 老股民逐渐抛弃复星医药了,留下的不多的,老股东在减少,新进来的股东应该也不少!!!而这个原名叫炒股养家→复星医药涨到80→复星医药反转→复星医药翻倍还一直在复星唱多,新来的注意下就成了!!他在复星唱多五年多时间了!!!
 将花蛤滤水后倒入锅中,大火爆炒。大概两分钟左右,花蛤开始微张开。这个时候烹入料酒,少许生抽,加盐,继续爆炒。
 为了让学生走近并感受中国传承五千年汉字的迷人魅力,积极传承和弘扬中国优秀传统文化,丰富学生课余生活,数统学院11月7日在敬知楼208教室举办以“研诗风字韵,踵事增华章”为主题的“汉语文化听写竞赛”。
* * *
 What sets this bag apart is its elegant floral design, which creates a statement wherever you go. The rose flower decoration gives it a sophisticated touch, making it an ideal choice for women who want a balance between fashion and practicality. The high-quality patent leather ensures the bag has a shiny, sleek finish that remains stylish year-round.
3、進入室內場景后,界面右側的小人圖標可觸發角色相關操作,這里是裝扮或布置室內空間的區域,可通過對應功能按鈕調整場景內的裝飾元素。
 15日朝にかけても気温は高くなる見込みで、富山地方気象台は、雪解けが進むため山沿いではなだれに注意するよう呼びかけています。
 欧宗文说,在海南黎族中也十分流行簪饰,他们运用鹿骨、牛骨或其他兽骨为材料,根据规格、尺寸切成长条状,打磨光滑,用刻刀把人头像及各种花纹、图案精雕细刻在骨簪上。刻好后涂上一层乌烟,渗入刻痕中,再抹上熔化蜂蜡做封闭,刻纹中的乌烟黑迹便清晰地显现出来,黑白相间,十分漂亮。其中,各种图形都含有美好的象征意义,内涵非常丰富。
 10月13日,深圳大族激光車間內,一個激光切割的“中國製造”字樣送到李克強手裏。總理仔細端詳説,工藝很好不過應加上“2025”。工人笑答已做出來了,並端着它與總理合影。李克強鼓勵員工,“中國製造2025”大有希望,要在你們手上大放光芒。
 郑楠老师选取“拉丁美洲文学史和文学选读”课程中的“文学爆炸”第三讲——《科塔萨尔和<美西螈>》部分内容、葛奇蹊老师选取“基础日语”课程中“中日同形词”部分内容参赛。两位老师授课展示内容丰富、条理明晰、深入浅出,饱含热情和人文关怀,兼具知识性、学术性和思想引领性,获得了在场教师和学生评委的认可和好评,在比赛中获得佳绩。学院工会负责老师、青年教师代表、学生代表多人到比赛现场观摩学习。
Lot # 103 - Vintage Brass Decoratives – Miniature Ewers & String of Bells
* * *
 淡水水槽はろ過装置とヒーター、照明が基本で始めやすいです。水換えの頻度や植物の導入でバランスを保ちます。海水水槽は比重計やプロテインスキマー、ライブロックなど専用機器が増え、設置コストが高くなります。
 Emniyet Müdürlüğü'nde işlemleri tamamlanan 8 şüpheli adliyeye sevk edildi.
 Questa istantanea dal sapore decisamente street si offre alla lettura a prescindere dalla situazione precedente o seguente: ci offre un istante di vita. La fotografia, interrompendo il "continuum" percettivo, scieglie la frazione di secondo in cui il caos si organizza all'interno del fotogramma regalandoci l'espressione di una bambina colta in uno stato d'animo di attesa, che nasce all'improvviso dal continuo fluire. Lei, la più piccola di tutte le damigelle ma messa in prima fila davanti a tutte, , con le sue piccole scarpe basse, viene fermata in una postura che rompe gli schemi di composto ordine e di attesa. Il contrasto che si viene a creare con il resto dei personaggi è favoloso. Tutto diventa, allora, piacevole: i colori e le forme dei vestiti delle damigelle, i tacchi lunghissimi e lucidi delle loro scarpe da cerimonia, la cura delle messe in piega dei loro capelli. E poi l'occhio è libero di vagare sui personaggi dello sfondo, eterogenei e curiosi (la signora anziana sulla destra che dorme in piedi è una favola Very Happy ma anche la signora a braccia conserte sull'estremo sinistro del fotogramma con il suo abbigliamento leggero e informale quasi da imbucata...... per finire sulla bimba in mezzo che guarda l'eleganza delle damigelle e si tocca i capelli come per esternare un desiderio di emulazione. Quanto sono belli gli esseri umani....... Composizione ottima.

#### Brief:
Among the records above, extract exactly the lines from the line with "欧宗文说,在海南黎族中也十分" to the line with "Lot # 103 - Vintage", both lines included, and leave out the rest.

#### Written solution:
 欧宗文说,在海南黎族中也十分流行簪饰,他们运用鹿骨、牛骨或其他兽骨为材料,根据规格、尺寸切成长条状,打磨光滑,用刻刀把人头像及各种花纹、图案精雕细刻在骨簪上。刻好后涂上一层乌烟,渗入刻痕中,再抹上熔化蜂蜡做封闭,刻纹中的乌烟黑迹便清晰地显现出来,黑白相间,十分漂亮。其中,各种图形都含有美好的象征意义,内涵非常丰富。
 10月13日,深圳大族激光車間內,一個激光切割的“中國製造”字樣送到李克強手裏。總理仔細端詳説,工藝很好不過應加上“2025”。工人笑答已做出來了,並端着它與總理合影。李克強鼓勵員工,“中國製造2025”大有希望,要在你們手上大放光芒。
 郑楠老师选取“拉丁美洲文学史和文学选读”课程中的“文学爆炸”第三讲——《科塔萨尔和<美西螈>》部分内容、葛奇蹊老师选取“基础日语”课程中“中日同形词”部分内容参赛。两位老师授课展示内容丰富、条理明晰、深入浅出,饱含热情和人文关怀,兼具知识性、学术性和思想引领性,获得了在场教师和学生评委的认可和好评,在比赛中获得佳绩。学院工会负责老师、青年教师代表、学生代表多人到比赛现场观摩学习。
Lot # 103 - Vintage Brass Decoratives – Miniature Ewers & String of Bells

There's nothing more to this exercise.